Wednesday, May 11, 2005

It's NEVER Easy!

Every few days I read an article in the financial press telling me that the future direction of stock prices (or interest rates or the dollar or crude oil or gold or.......) is very uncertain. Usually the writer tries to tell me that this is an unusual situation. The typical excuse is that in these "unusual" times there are so many conflicting crosscurrents. The implication is that in "normal" times it is easy to guess what lies ahead of us in the future because most of the evidence will point one way or the other.

Let me tell you something. The future ALWAYS looks uncertain. To imagine it is ever otherwise is just plain dumb. Actually, there is a technical term for this sort of foolishness. It's called "hindsight bias". Hindsight bias is a particularly deadly disease when contracted by an amateur speculator.

You see, it always looks like it should have been easy to forecast past events. By the time history is written past events appear almost inevitable. We can always come up with good reasons why they happened. This process of explaining why past events happened I call "forecasting the past". You can read this sort of thing every day in the Wall Street Journal's daily stock market column.

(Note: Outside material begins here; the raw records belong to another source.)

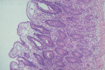 Porcine ileum with PIA: Short intestinal villi covered with flat to cuboidal epithelial cells, sub epithelial oedema and proliferating crypts. There are two to three layers of crypt epithelial cells, loss of goblet cells, increased numbers of mitotic figures and intraepithelial cells, and a mild to moderate inflammatory reaction in the lamina propria (~125x).
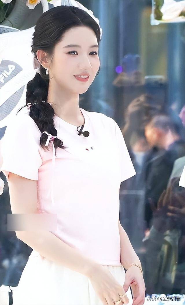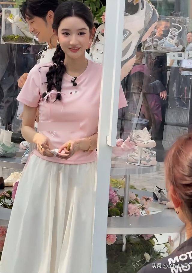 当天北京的天气不算炎热,但阳光充足,王玉雯穿了一件浅粉色的短款上衣,搭配一条白色百褶半身裙,头发随意地扎成侧马尾,软乎乎的配色看着十分减龄。
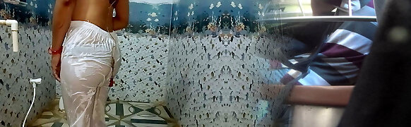 Sexy Bhabhi opened her clothes and bra and pressed her breasts vigorously and pinched her nips.
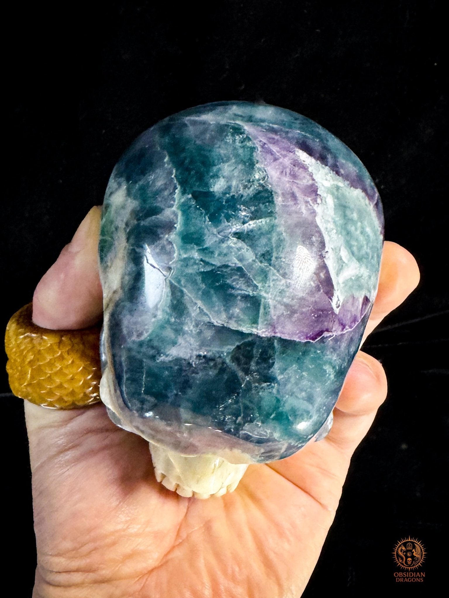 Ce Crâne en fluorite constitue ainsi un véritable document géologique tridimensionnel, où matière carbonatée et cristal halogéné dialoguent sans artifice. La sculpture ne dissimule pas cette histoire : elle la révèle. Chaque contraste de densité et chaque variation de couleur est le résultat direct de centaines de milliers, voire de millions d’années de cristallisation progressive, aujourd’hui figées dans une œuvre d’art minéral authentique.

Astologers, journalists and most market technicians like to forecast the past. Some are even good at it! Politicians often have some fun forecasting the past too. For example, they recently have been telling their constituents and the benighted intelligence community that it should have been obvious that Saddam Hussein had already destroyed his WMD and that any half-wit could have foreseen and detected the plans for the attacks upon the USA on 9/11.

Think about this for a second. If the future course of stock prices were obvious to most people, there would be no stock market! Why? Because if most people agreed that stock prices had to go up, who would be selling? A market requires a buyer for every seller!

An active and liquid market is absolutely rock-solid evidence that there is great uncertainty about the future and about its consequences for market prices. There has to be a lot of disagreement about the future in order to induce people to trade with one another!

The principal role of markets is to give anyone with capital and a stake in the future the opportunity to express his views by buying or selling. This process is called price discovery. The market always is looking for the price that will induce the most trading. And this is exactly the price that will induce the most uncertainty about future price trends!

So we must conclude that in any active and liquid market the future will always look very cloudy and uncertain to market participants. I have been forecasting stock prices for nearly forty years and don't remember a single day when future events seemed inevitable to me!

Uncertainty and confusion is the normal state of affairs in any active market. Dont' let anyone ever tell you otherwise.